DESCRIPTION OF THE TASK = Excluding pictures, what does the listing below contain from the line with "The spacious 18" up to and including the line with "- 【Fast Charging】:The", word for word?

RECORDS SHOWN =
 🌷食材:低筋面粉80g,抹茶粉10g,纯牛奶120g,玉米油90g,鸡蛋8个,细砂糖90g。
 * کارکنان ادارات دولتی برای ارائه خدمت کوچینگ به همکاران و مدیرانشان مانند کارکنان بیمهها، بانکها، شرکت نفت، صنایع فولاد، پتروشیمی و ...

...

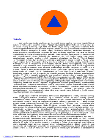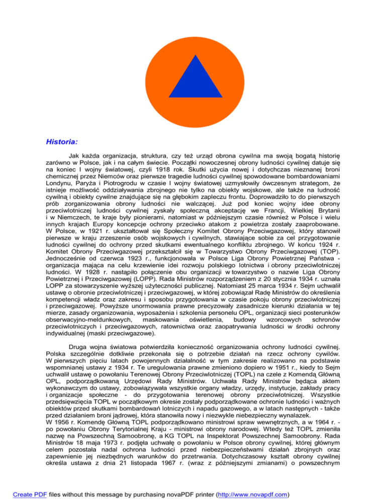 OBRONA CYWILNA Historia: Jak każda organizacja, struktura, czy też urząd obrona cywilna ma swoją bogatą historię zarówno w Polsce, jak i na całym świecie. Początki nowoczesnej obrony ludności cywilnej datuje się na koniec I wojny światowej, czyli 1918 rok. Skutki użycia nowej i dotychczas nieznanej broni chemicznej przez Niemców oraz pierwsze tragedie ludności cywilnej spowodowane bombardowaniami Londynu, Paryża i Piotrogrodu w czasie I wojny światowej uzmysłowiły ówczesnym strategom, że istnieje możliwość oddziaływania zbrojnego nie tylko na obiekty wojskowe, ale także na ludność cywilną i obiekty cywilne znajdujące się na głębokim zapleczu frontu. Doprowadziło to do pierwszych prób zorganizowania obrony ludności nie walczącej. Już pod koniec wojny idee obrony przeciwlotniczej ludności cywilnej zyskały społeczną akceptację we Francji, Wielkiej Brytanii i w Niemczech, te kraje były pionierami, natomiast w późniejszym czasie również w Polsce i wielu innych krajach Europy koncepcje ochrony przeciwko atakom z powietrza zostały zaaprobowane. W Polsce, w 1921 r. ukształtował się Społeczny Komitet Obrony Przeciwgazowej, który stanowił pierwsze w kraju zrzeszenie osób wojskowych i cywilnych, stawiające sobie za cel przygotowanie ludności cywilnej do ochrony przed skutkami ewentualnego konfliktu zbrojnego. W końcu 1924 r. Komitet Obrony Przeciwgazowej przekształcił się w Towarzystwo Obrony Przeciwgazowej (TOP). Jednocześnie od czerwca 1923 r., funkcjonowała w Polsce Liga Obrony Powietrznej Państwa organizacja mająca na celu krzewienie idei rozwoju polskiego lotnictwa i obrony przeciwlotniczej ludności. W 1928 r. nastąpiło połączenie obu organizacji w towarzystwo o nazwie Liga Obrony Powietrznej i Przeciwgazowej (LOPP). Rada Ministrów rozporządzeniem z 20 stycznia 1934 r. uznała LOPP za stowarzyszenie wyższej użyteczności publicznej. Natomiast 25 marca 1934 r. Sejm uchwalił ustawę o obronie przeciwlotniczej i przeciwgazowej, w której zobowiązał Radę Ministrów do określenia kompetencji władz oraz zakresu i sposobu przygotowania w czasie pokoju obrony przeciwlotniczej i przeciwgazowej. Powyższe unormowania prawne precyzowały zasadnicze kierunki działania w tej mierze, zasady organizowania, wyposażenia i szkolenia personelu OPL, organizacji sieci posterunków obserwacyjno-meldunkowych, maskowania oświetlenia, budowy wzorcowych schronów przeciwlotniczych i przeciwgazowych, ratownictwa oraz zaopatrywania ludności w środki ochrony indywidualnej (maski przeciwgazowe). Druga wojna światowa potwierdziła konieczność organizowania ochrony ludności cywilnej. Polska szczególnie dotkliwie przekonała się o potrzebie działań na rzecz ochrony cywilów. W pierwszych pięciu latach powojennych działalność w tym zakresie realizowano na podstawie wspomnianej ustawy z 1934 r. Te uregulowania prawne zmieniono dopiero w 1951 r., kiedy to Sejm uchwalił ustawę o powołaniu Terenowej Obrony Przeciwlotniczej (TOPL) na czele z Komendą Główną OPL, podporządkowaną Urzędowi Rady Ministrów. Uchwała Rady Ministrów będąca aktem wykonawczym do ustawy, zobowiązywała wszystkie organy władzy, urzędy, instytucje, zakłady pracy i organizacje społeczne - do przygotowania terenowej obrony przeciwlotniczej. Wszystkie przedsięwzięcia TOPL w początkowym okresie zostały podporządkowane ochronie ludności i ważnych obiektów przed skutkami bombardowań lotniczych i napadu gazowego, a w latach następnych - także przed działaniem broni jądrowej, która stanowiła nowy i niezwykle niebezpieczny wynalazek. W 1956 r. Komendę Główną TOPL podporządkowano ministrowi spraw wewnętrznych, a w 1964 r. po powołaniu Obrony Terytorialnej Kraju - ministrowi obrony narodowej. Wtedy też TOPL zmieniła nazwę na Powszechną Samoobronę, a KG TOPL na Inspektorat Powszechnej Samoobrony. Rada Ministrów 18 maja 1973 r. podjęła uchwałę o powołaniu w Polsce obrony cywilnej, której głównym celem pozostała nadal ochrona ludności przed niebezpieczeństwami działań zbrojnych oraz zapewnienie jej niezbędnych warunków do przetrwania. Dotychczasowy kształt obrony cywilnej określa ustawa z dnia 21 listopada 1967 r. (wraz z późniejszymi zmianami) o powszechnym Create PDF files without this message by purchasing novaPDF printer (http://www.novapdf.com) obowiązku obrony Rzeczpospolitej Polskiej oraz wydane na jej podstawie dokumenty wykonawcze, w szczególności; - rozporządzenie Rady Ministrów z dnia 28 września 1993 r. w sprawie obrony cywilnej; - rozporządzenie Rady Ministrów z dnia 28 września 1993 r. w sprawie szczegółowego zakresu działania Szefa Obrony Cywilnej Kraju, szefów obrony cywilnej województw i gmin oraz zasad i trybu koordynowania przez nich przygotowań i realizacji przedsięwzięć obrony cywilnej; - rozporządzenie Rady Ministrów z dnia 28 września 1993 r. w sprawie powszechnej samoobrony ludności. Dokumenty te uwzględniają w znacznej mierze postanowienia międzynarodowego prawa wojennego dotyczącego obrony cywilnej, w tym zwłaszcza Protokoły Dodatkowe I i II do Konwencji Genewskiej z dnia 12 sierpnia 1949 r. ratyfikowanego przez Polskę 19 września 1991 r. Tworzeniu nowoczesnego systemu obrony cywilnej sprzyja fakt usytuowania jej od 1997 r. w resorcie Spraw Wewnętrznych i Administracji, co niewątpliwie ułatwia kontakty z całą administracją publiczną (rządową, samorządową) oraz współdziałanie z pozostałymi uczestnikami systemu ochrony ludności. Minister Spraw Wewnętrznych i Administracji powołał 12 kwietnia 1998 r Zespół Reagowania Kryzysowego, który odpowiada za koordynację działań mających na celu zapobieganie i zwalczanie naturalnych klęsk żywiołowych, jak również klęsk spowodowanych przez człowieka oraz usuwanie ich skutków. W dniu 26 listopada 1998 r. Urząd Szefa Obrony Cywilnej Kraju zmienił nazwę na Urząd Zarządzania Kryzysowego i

* * *

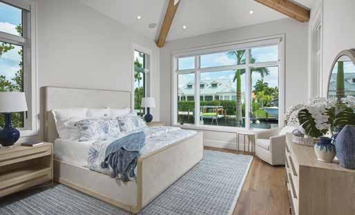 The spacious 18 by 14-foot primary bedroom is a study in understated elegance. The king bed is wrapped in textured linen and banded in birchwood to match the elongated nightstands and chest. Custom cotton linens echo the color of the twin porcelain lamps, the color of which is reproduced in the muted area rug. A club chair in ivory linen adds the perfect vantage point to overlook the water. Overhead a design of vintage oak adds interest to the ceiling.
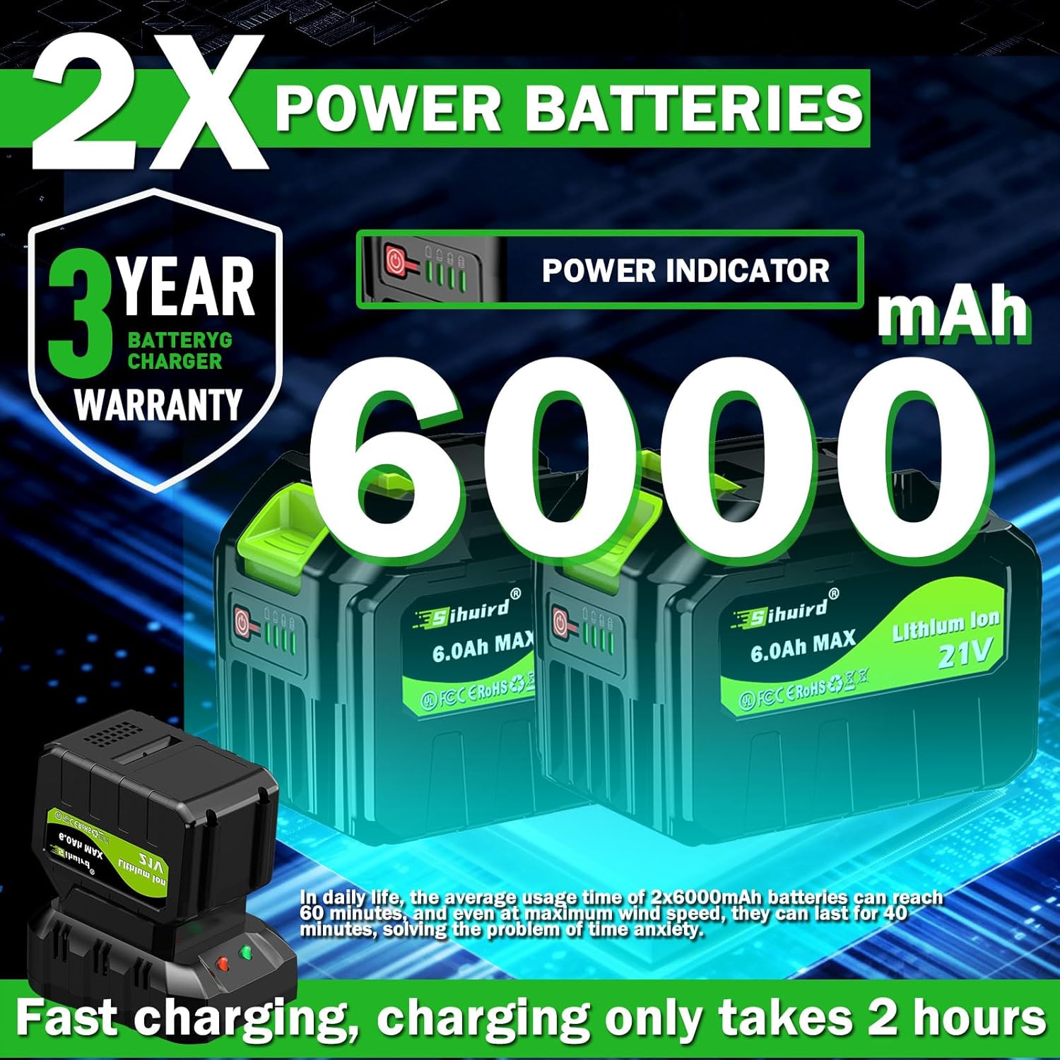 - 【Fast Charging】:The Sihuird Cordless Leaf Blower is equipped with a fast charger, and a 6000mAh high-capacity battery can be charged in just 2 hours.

SOLUTION FOR THIS PROBLEM =
 The spacious 18 by 14-foot primary bedroom is a study in understated elegance. The king bed is wrapped in textured linen and banded in birchwood to match the elongated nightstands and chest. Custom cotton linens echo the color of the twin porcelain lamps, the color of which is reproduced in the muted area rug. A club chair in ivory linen adds the perfect vantage point to overlook the water. Overhead a design of vintage oak adds interest to the ceiling.
 - 【Fast Charging】:The Sihuird Cordless Leaf Blower is equipped with a fast charger, and a 6000mAh high-capacity battery can be charged in just 2 hours.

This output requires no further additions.